Set the improper integral as the limit of a proper integral. Here, instead of the upper limit of integration being infinite, replace it with \(t\), where \(t\) will later approach infinity. Hence, \(\int_{1}^{\infty} \frac{1}{\sqrt[3]{x}} dx = \lim_{t \to \infty} \int_{1}^{t} \frac{1}{\sqrt[3]{x}} dx\).

Next, compute the integral without considering the limit: \(\int_{1}^{t} \frac{1}{\sqrt[3]{x}} dx\). This is a basic power rule problem in integral calculus, where the integral of \(x^n\) is \(\frac{x^{n+1}}{n+1}\). The integral becomes \(3 (t^{\frac{2}{3}} - 1)\).
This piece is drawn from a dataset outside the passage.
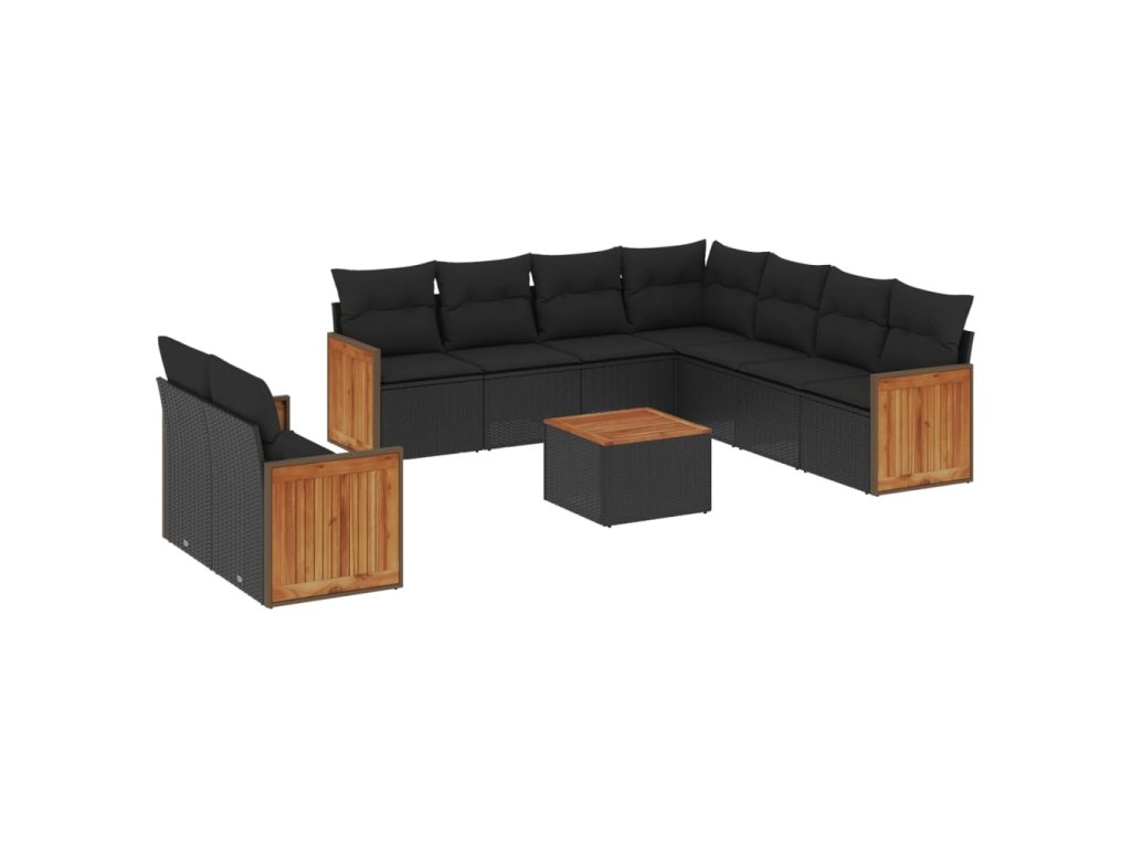 10dílná zahradní sedací souprava s poduškami černá polyratan 3260186
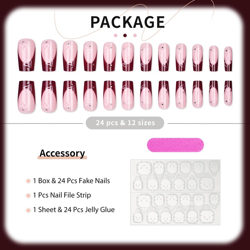 Square Tip Press On Nails, Burgundy With Silver And Pink Heart Design, Salon Quality Professional DIY Nails, Everyday Glossy Stick On Nails, Glue On Nails For Women and Girl Gift, Ready to Wear 24 Pcs Nail Kit, Reusable Fake Nails in 12 Sizes, Medium Length Faux Nails.

Now, apply the limit: \(\lim_{t \to \infty} 3 (t^{\frac{2}{3}} - 1)\). As \(t\) approaches infinity, \(t^{\frac{2}{3}}\) also approaches infinity. Thus, the limit is infinite.

When the value of the limit is infinite, the integral diverges. Therefore, the improper integral \(\int_{1}^{\infty} \frac{1}{\sqrt[3]{x}} dx\) diverges, and there exists no finite area under the curve from 1 to infinity for the function \(f(x) = \frac{1}{\sqrt[3]{x}}\).